Assigned task: Before you return the entries below, strip out the pictures and keep all else exact.

*** Dataset Section Begins ***

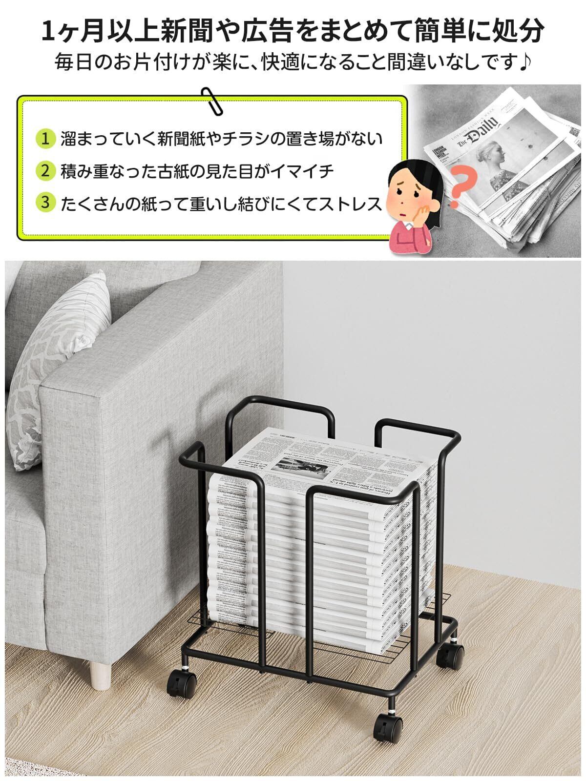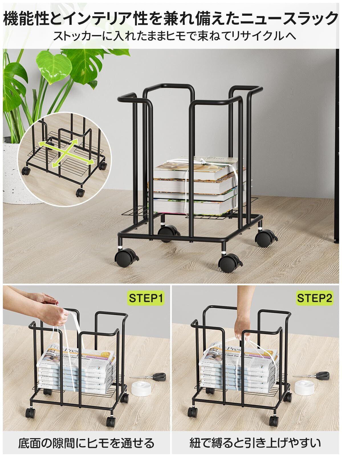 TTWO 新聞ストッカー 耐荷重10kg 新聞紙ストッカー 新聞ラック 丈夫スチール製キャスター付き 新聞紙置き場 新聞ごみ A4 雑誌ストッカー ニューズラック バスケット 自宅 家庭用 会社 梱包便利 整理整頓 収納雑貨 インテリア オフィス お洒落 北欧 モダン 新聞入れ 新聞雑誌まとめ (ブラック)
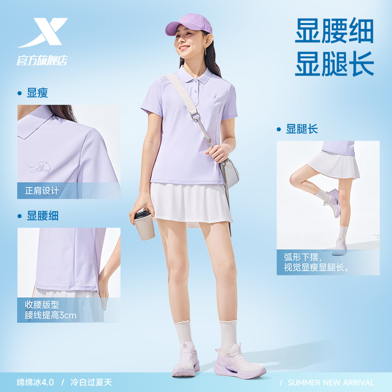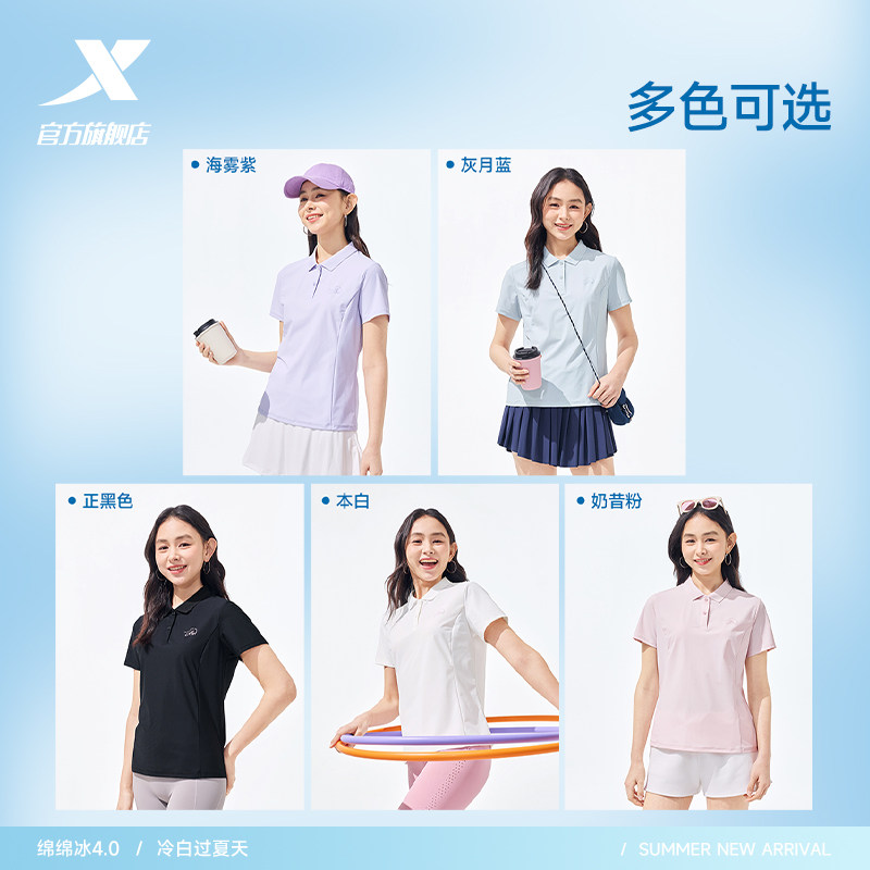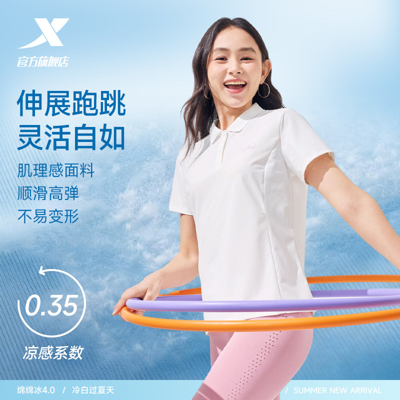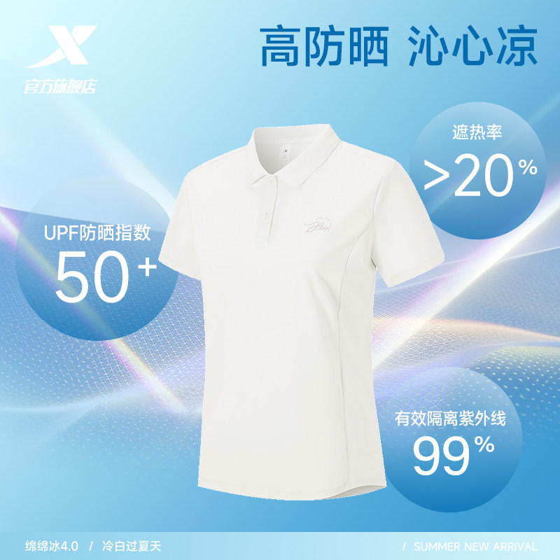 特步防晒POLO衫女士2026年夏季新款瑜伽冰丝运动服健身短袖T恤女
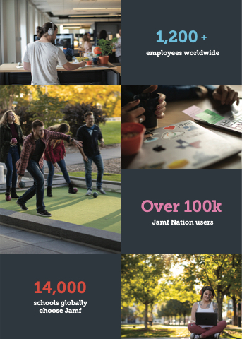1,200 + employees worldwide Over 100k Jamf Nation users 14,000 schools globally choose Jamf
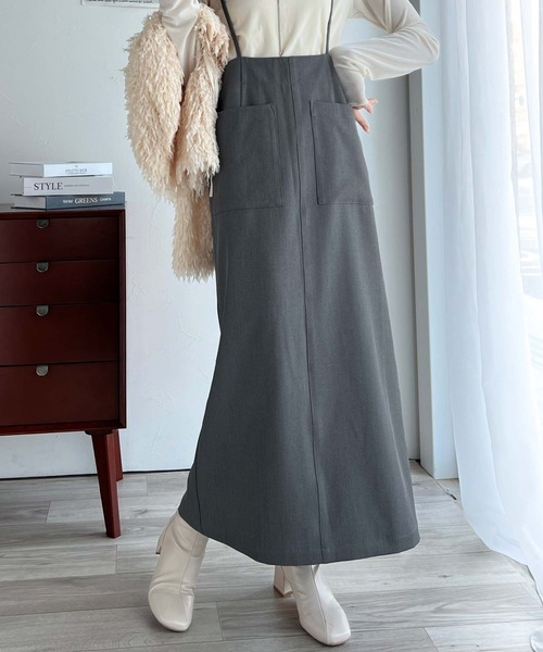 参考商品名:女性らしい上品シルエット。前後2wayサスペンダー付きタイトスカート(ロング丈・セットアップ可)
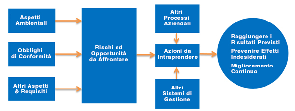 Lo standard ISO 14001:2015 ha un risultato atteso che è il miglioramento continuo delle prestazioni ambientali di un'organizzazione. Per raggiungere questo obiettivo, l'organizzazione deve capire cosa può aiutare a raggiungere questo obiettivo e cosa può essere di intralcio. Gli aspetti positivi diventano opportunità che devono essere potenziate se possibile, gli elementi di intralcio diventano rischi che devono essere rimossi o almeno mitigati.
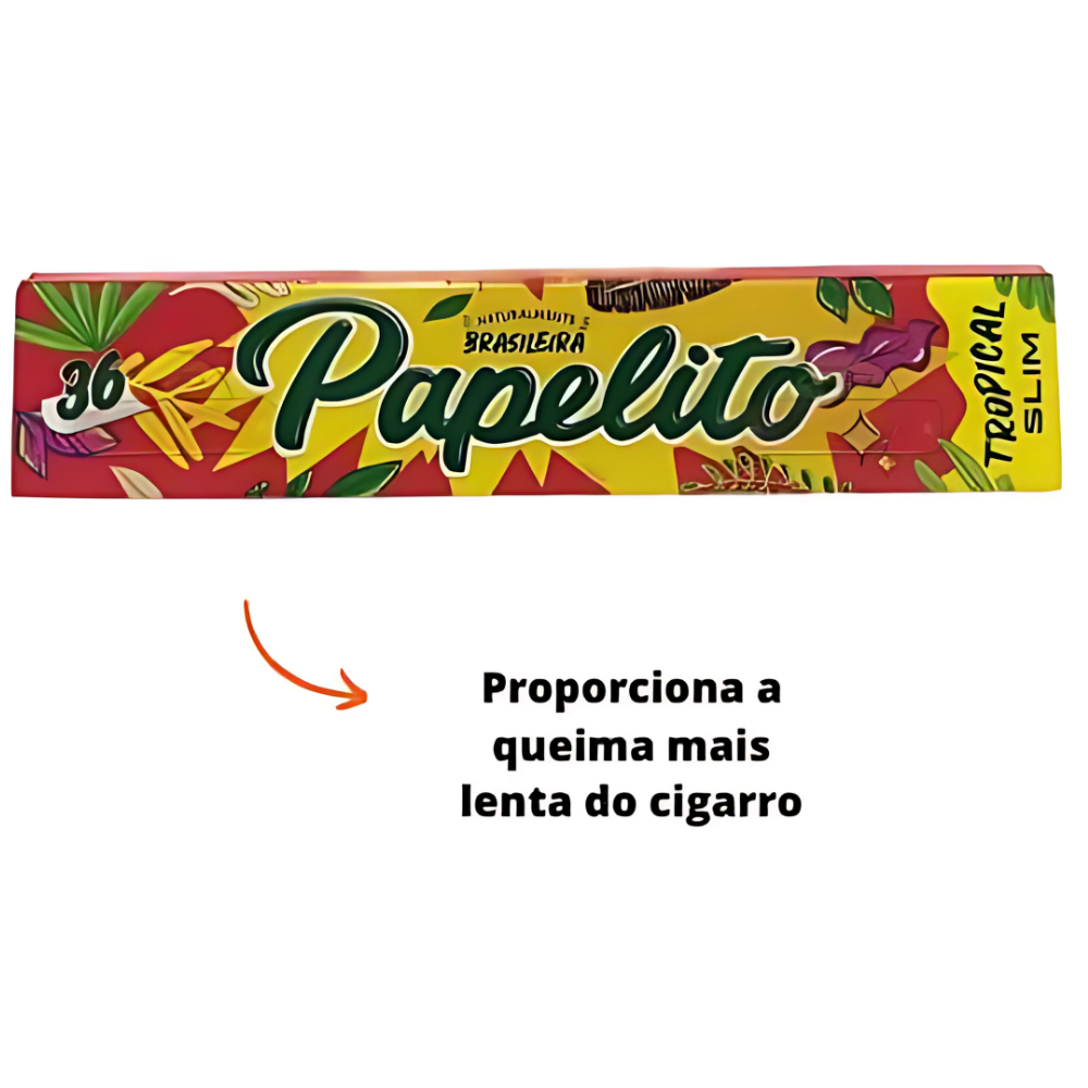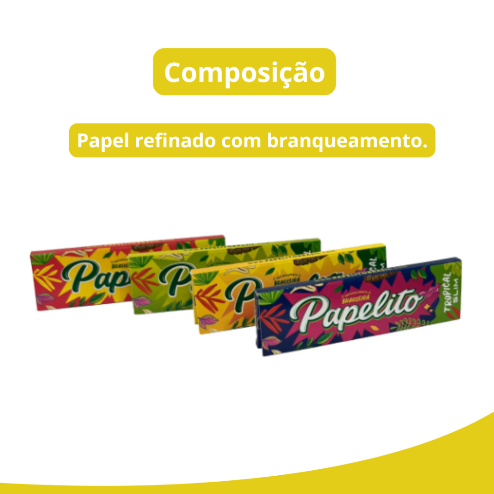 Produzida em celulose, a linha Tropical utiliza goma natural para fixação e conta com marca d’água Papelito, contribuindo para padronização do material e identificação do papel. A proposta do formato slim é entregar uma largura reduzida, mantendo o manuseio firme e a dobra uniforme ao longo da folha.
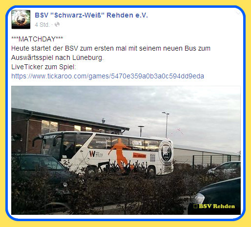 BSV Rehden im neuen Bus zum Auswärtsspiel in Lüneburg. Vielleicht bringt er Glück und dringend benötigte 3 Punkte für den BSV. Tore: 0:1 (45.) Jeffrey Obst 1:1 (89.) Hedon Selishta

*** Dataset Section Ends ***

Problem solution:
 TTWO 新聞ストッカー 耐荷重10kg 新聞紙ストッカー 新聞ラック 丈夫スチール製キャスター付き 新聞紙置き場 新聞ごみ A4 雑誌ストッカー ニューズラック バスケット 自宅 家庭用 会社 梱包便利 整理整頓 収納雑貨 インテリア オフィス お洒落 北欧 モダン 新聞入れ 新聞雑誌まとめ (ブラック)
 特步防晒POLO衫女士2026年夏季新款瑜伽冰丝运动服健身短袖T恤女
1,200 + employees worldwide Over 100k Jamf Nation users 14,000 schools globally choose Jamf
 参考商品名:女性らしい上品シルエット。前後2wayサスペンダー付きタイトスカート(ロング丈・セットアップ可)
 Lo standard ISO 14001:2015 ha un risultato atteso che è il miglioramento continuo delle prestazioni ambientali di un'organizzazione. Per raggiungere questo obiettivo, l'organizzazione deve capire cosa può aiutare a raggiungere questo obiettivo e cosa può essere di intralcio. Gli aspetti positivi diventano opportunità che devono essere potenziate se possibile, gli elementi di intralcio diventano rischi che devono essere rimossi o almeno mitigati.
 Produzida em celulose, a linha Tropical utiliza goma natural para fixação e conta com marca d’água Papelito, contribuindo para padronização do material e identificação do papel. A proposta do formato slim é entregar uma largura reduzida, mantendo o manuseio firme e a dobra uniforme ao longo da folha.
 BSV Rehden im neuen Bus zum Auswärtsspiel in Lüneburg. Vielleicht bringt er Glück und dringend benötigte 3 Punkte für den BSV. Tore: 0:1 (45.) Jeffrey Obst 1:1 (89.) Hedon Selishta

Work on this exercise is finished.